Gradation at Patrick Heide Contemporary Art to 21 Sept (closed Aug)

Eight artists explore subtle gradations within works over three floors of a Georgian townhouse and feature various ways in which a material may turn out to be other than you thought (there’s no particle board in Roland Hicks’ ‘Three-Part Dissemblage (OMM)’ above, for example). With Bella Easton, Diogo Pimentão, Erika Winstone, Katrin Bremermann, Melanie Smith, Nicole Fein, Roland Hicks and Troika: I couldn’t have chosen the artists better myself…

‘Artists I Steal From’ at Thaddaeus Ropac to 9 Aug

Janine Antoni: from ‘Loving Care’ (1996 performance of 1972 work), 35 minutes using Loving Care black hair dye too – in artist/curator Alvaro Barrington’s words ‘elaborate a radical claiming of space’. That’s one of the approaches he confesses to purloining in the 49 strong show of his influences.

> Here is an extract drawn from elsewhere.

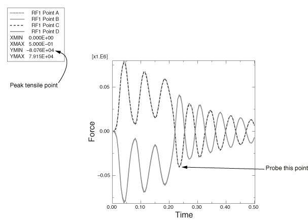 From the list of available history output, select the four curves

Lee Krasner at the Barbican to 1 Sept

Lee Krasner: ‘Self Portrait’ 1928. The mature works of Lee Krasner, now fairly fully emerged from her previous miscategorisation as Mrs. Pollock, need to be encountered at scale, but this result of the 19-year-old Lena (as she then was) nailing a mirror to a tree has personality at any size.

Related image

Mike Nelson: The Asset Strippers at Tate Britain to 6 Oct

‘The Asset Strippers’ 2019 fills the Duveen Halls with online auction sourced industrial, agricultural and bureaucratic detritus from our analogue past, repurposing it as sculpture and memorial while echoing many modern art tropes. The best use of this space since Phyllida Barlow in 2014…  Moreover, Frank Bowling’s retrospective is as worthy of enthusiasm as Lee Krasner at the Barbican.